ACTIVITY
Every entry is to be reproduced word for word, but the images are not.

INPUT
▼

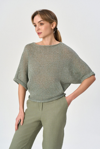 Джемпер трикотажный женский цельновязаный без боковых и плечевых швов. Вырез горловины в форме «лодочка». Спереди вывязанные карманы. По низу рукава отворот.
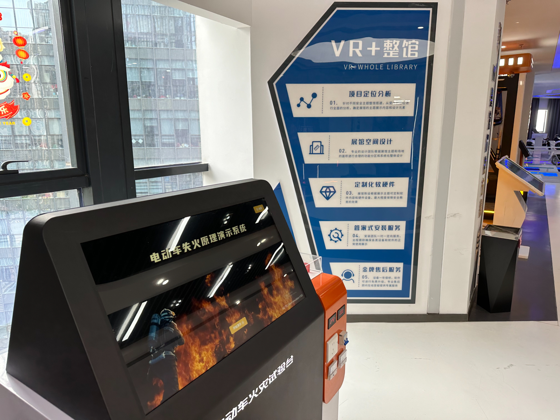 該區(qū)域共有四個智慧化模擬體驗器材,分別為模擬滅火體驗、模擬報警體驗、模擬觸電體驗和電動車失火視頻模擬體驗。觸電體驗?zāi)M器前,在培訓(xùn)老師的講解下,雅努思員工也正式體驗了一把“觸電的感覺”。
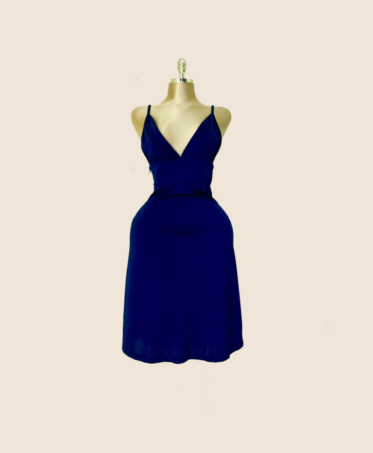 A sleek and timeless navy blue dress with delicate spaghetti straps and a flattering V-neckline.
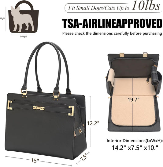 Fashion Pet Carrier Purse for Small Cat and Dog, Luxury Pu Soft-Sided Tote Bag with Large Pockets for Dogs and Puppies (Black, 15.8" L x 7.5" W x 11.8" H)
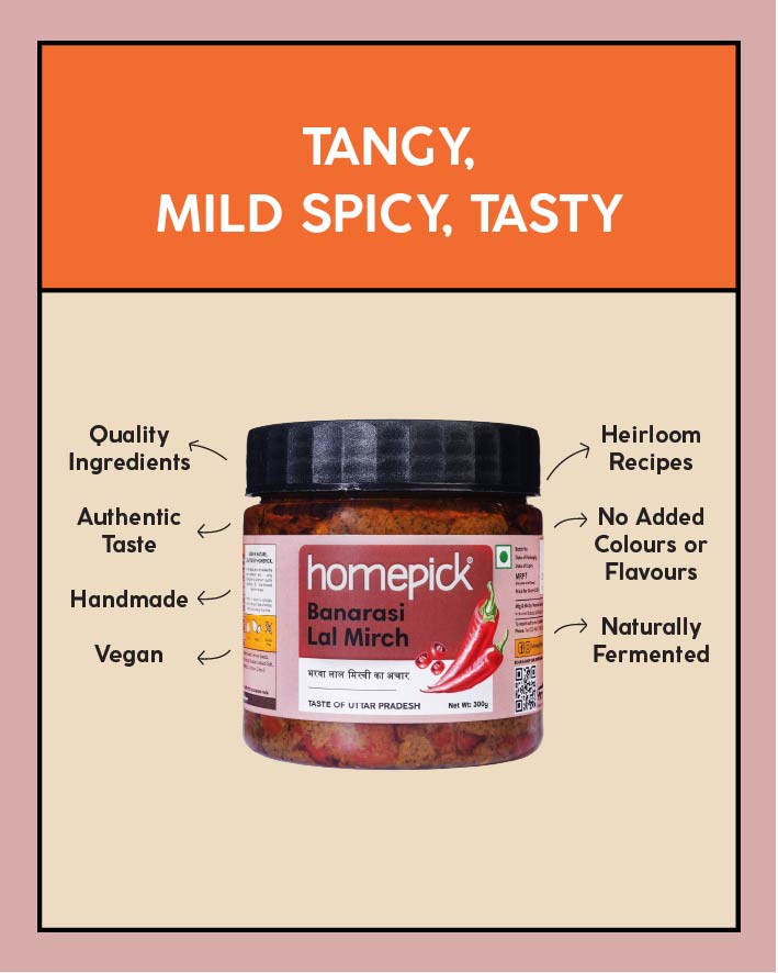 Homepick's Banarasi Lal Mirch Pickle (or Bharva Lal Mirch as traditionally called) brings the flavours of Vanarasi straight to your home. These enormous red chillies are stuffed with a spicy blend of fennel seeds, amchoor, kalonji, fenugreek seeds, cumin seeds & chilli powder, creating a chatpata & namkeen flavour that will tingle your taste buds. This authentic & traditional Indian recipe will have you hooked with every bite. Experience the true essence of Vanarasi in your meals! Traditional & full of flavours, it’s a must-try!
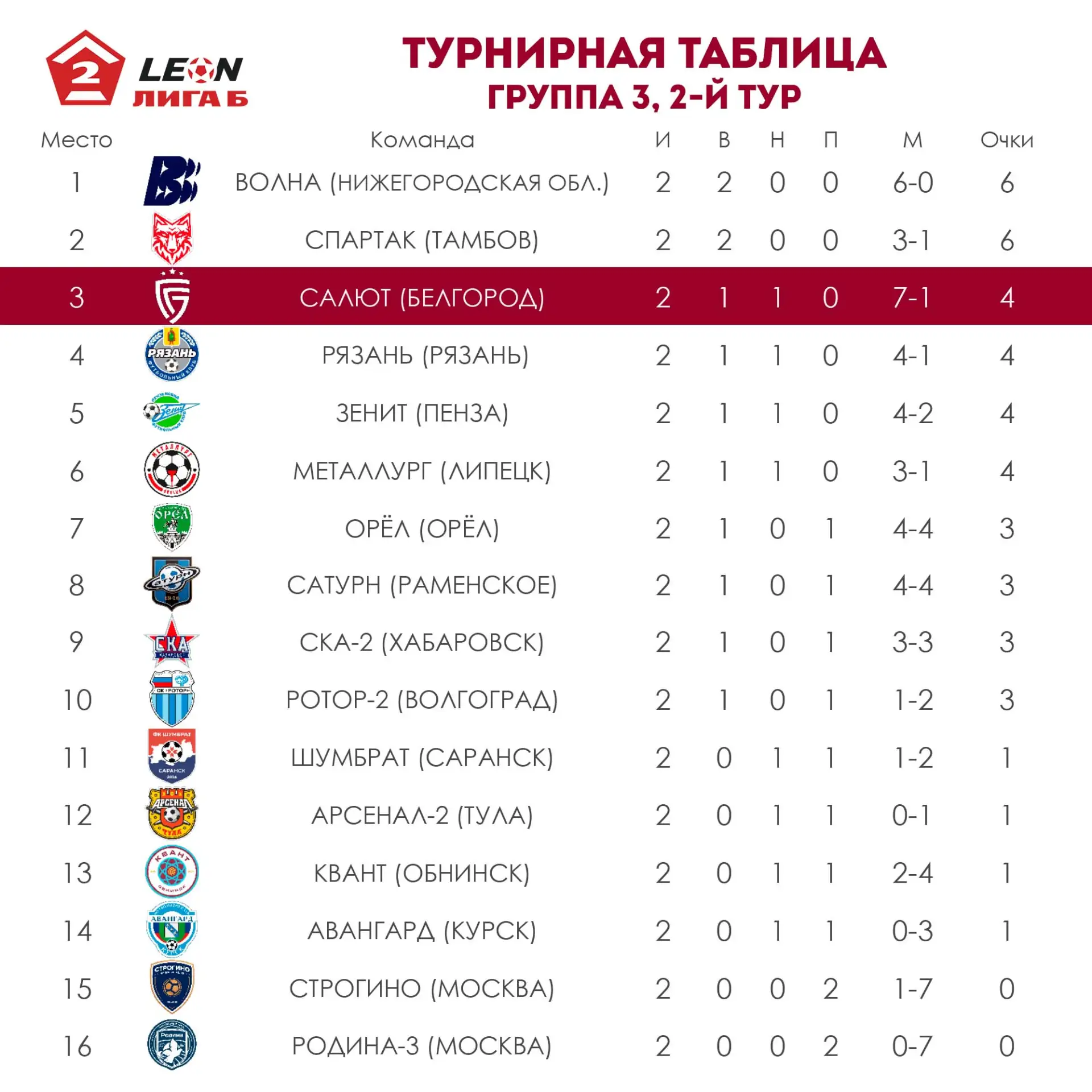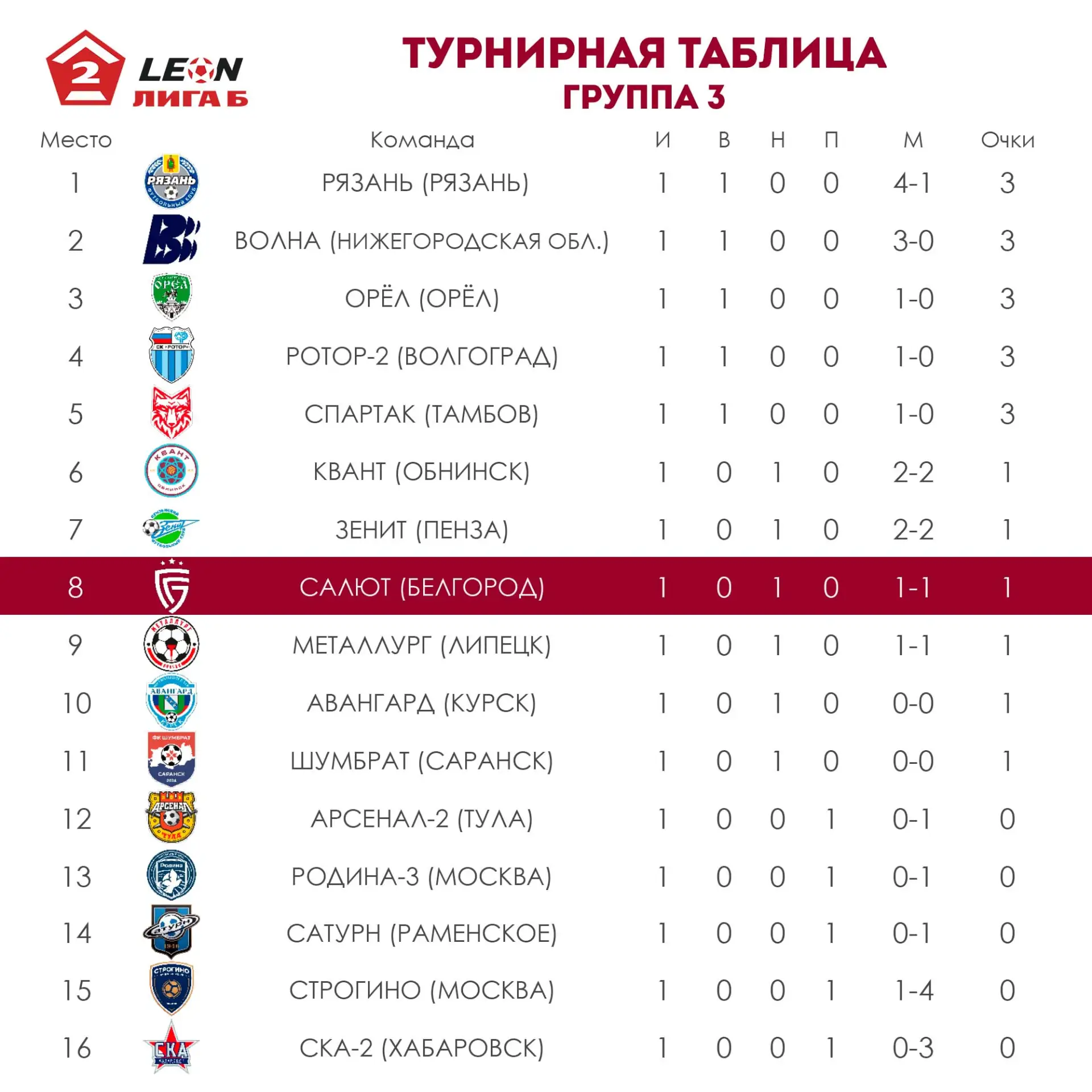 📊 Итоги 1-го тура группы 3 LEON-Первенства Второй лиги Б.

▲

WRITTEN ANSWER
 Джемпер трикотажный женский цельновязаный без боковых и плечевых швов. Вырез горловины в форме «лодочка». Спереди вывязанные карманы. По низу рукава отворот.
 該區(qū)域共有四個智慧化模擬體驗器材,分別為模擬滅火體驗、模擬報警體驗、模擬觸電體驗和電動車失火視頻模擬體驗。觸電體驗?zāi)M器前,在培訓(xùn)老師的講解下,雅努思員工也正式體驗了一把“觸電的感覺”。
 A sleek and timeless navy blue dress with delicate spaghetti straps and a flattering V-neckline.
 Fashion Pet Carrier Purse for Small Cat and Dog, Luxury Pu Soft-Sided Tote Bag with Large Pockets for Dogs and Puppies (Black, 15.8" L x 7.5" W x 11.8" H)
 Homepick's Banarasi Lal Mirch Pickle (or Bharva Lal Mirch as traditionally called) brings the flavours of Vanarasi straight to your home. These enormous red chillies are stuffed with a spicy blend of fennel seeds, amchoor, kalonji, fenugreek seeds, cumin seeds & chilli powder, creating a chatpata & namkeen flavour that will tingle your taste buds. This authentic & traditional Indian recipe will have you hooked with every bite. Experience the true essence of Vanarasi in your meals! Traditional & full of flavours, it’s a must-try!
 📊 Итоги 1-го тура группы 3 LEON-Первенства Второй лиги Б.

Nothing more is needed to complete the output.